Nonetheless, it is a fact that the emergence of the successor to Mason

from Bozell looked like a reverse takeover, especially when you throw in

the prevailing theory of lingering unhappiness at FCB over the money

picked up by Bozell managers when True North bought the network.



’That’s also been overblown,’ Bell replies. ’It’s true that some people

made a lot of money, but what wasn’t told was that many Bozell

shareholders mortgaged their homes to buy their company in 1988.’ (In

1985, Lorimar Telepictures bought Bozell & Jacobs for dollars 41 million

and merged it with its Kenyon & Eckhardt agency. Three years later Lorimar

hit financial trouble and Bozell Jacobs’ management bought the agency back

for dollars 133 million, of which more than dollars 100 million was in

cash.)



Bell insists and insists and insists that he has the confidence of the FCB

management: ’Yes I do, yes, it’s all been overblown, this is not a

loggerheads thing. Mergers always throw up cultural issues, but we’ve

emerged with those issues of style, chemistry and priorities behind us. My

wife worked for Brendan Ryan so I knew about him and I respect what he’s

accomplished.’



The origins of the ill-starred marriage between Publicis and FCB go back

to way before Bell’s time. It was 1989 when Publicis and True North joined

to create a European network known as Publicis Communication. In a bid to

emulate its peers in going global, but with no strong presence in Europe,

FCB agreed to assimilate its operations with Publicis. Publicis, with no

capability beyond Europe, allowed FCB to service its business in all other

markets. But cracks appeared immediately: it was one of those deals that

made sense conceptually, until you got down to detail.



The divorce, in 1997, was played out against a background of attempts by

Maurice Levy, the Publicis chairman, to exploit his position as True

North’s largest shareholder (Publicis then controlled 18.4 per cent of

True North) by destroying True North’s purchase of Bozell and claiming the

network as his own. His bid failed - most read Levy’s intervention as

little more than an act of spite - but not without an expensive legal

battle.



Does Bell regret the break-up? ’I don’t have a point of view,’ he

says.



’I wasn’t there to do the deal and the relationship was well on its way to

divorce before we (Bozell) joined True North.’

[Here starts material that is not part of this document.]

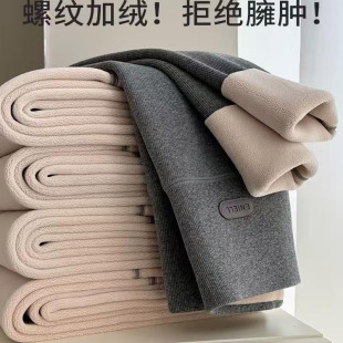 螺纹棉加厚羊羔绒女纯色无痕高腰保暖裤 新款 加绒外穿打底裤 冬季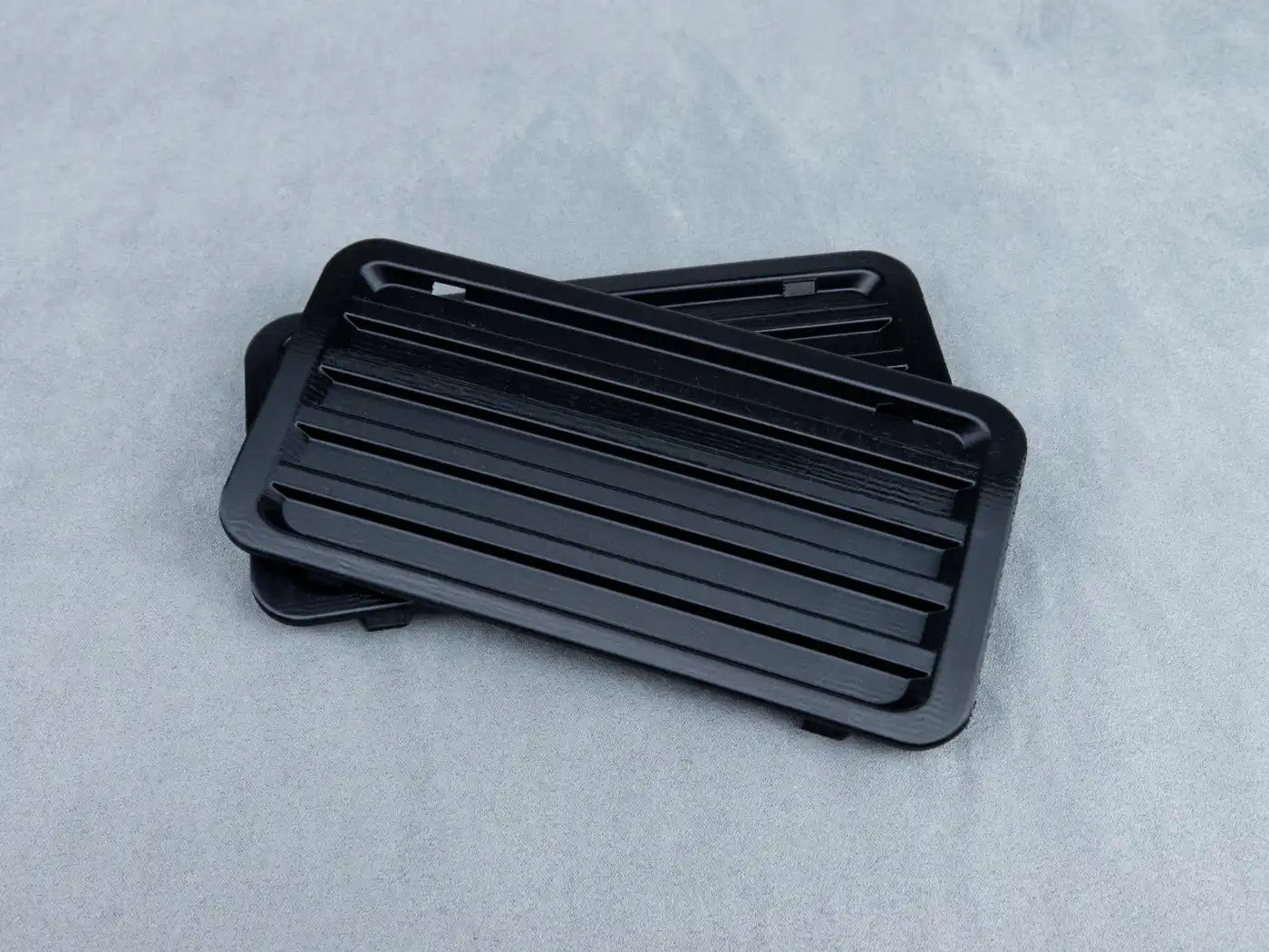 Fog light blank ribbed trims with stripes for early BMW E30 models (1982�1985). These trims are designed as direct replacements for the original fog light covers used on early Type 1 bumpers. Each trim features the characteristic ribbed stripe design specific to the first generation of E30 front bumpers.

Publicis is still the largest shareholder in True North with 9.9 per cent

while True North owns 8.8 per cent of Publicis.

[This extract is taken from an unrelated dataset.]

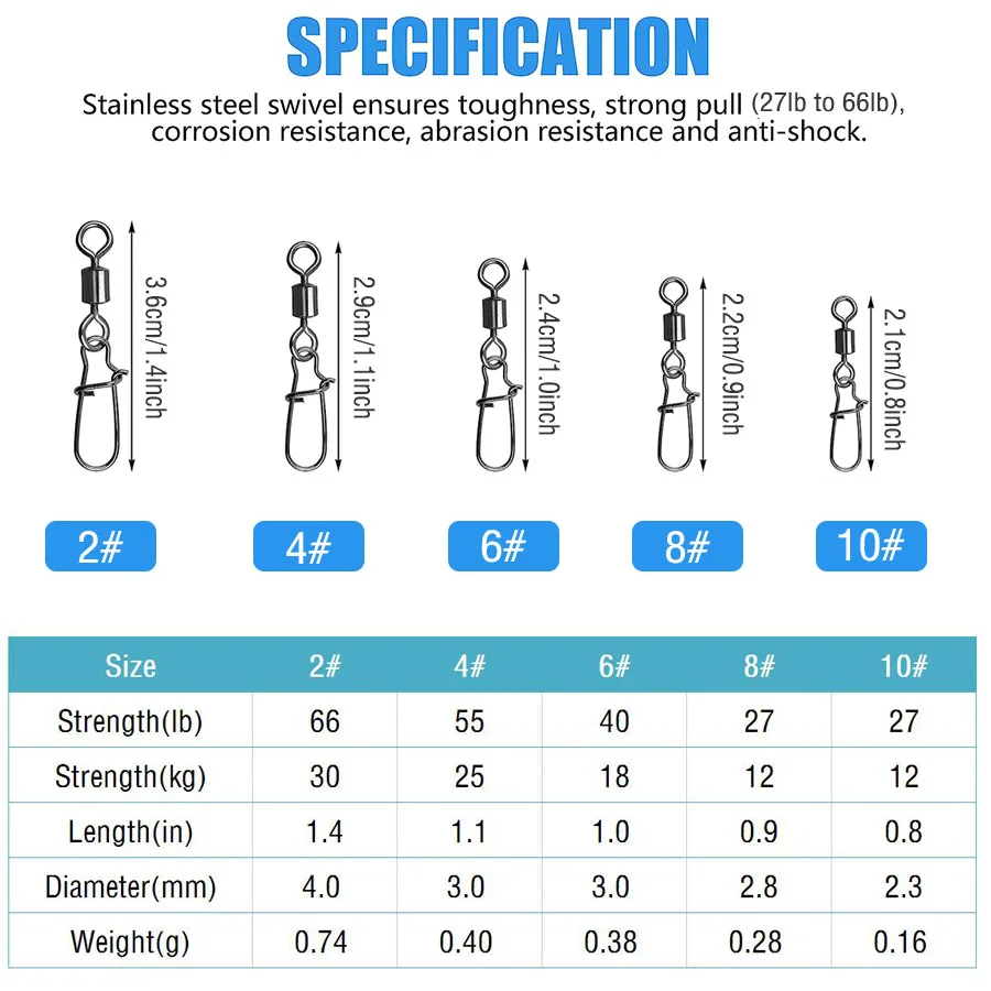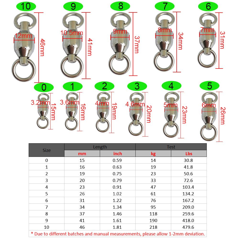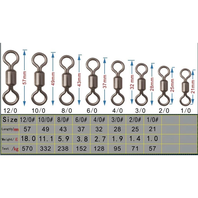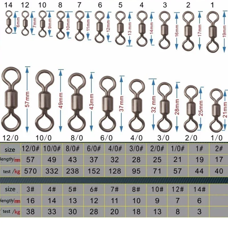 Вертлюги для рыбалки размеры

Surely, one of Bell’s immediate priorities is to dismantle the

partnership?



’Since we have been on a highway to divorce, selling those shares is

something I’d look at strongly,’ he agrees.



But Levy sounds a different note. ’What we do with our stake in True North

depends on circumstances,’ he says. ’Even though True North’s share price

has improved, I don’t consider the price is good enough for me to sell.

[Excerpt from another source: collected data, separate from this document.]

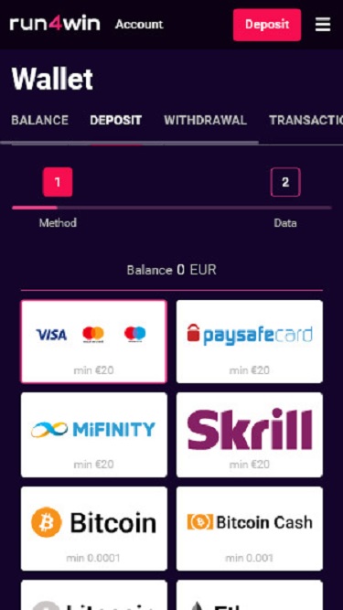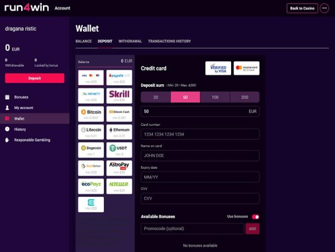 В казино Run4Win представлен широкий выбор способов оплаты, включая криптовалюты, а также другие популярные платежные системы, такие как Visa, Mastercard, Neteller, Skrill, банковский перевод , Astropay и другие.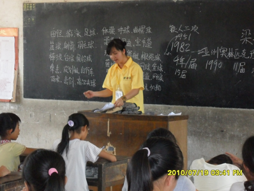 下午,老师们开始了他们第一次的上课体验。英语课里,同学们跟着老师大声朗读音标;数学课里,对奥数充满兴趣的小朋友抓着号称“百科全书”的老师狂问问题;亚运世博课上,老师声图并茂地给学生们介绍各种有关亚运和世博的知识,开拓他们的眼界;手工课上,通过制作一个小小的中国结,我们一起感受中国博大精深的文化……课堂在一片愉悦的气氛进行着。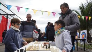 Más de 30 stands de instituciones, áreas municipales y empresas locales se distribuyeron sobre las calles San Martín, Oro, Uruguay y Villegas, con juegos, desafíos y propuestas interactivas. Entre los espacios más concurridos estuvo la Pista de Tránsito coordinada por la Dirección de Protección Ciudadana, que atrajo a decenas de niños y niñas interesados en aprender jugando.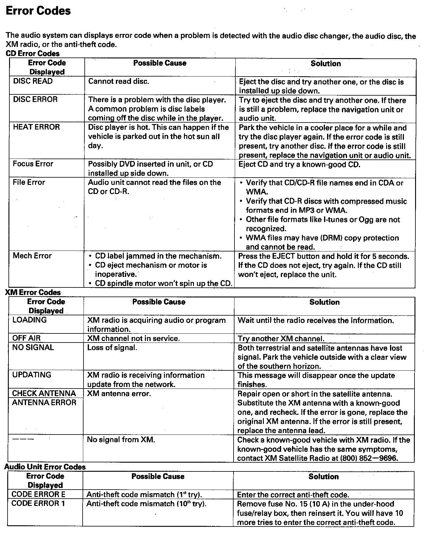 Error Codes

Perhaps we could increase our share in True North if David turns out to be

a good CEO. Our stake is a nice one and we could hold on to it. Maybe

forever.’



Levy’s words merely serve to reinforce that the issue of international

expansion remains crucial for True North.



Bell acknowledges that Bozell doesn’t have enough multinational clients

(’we want more and we’re gonna go after more’) and that FCB’s recent loss

of Kimberly-Clark to J. Walter Thompson left a hole in the network (’but

there were issues of efficiency and cost there,’ he says, hinting at

stories of JWT accepting a 4 per cent commission rate).



Cordiant is under-represented in the US, but attractive for its Asian and

European strengths, so could this be a logical purchase? No comment.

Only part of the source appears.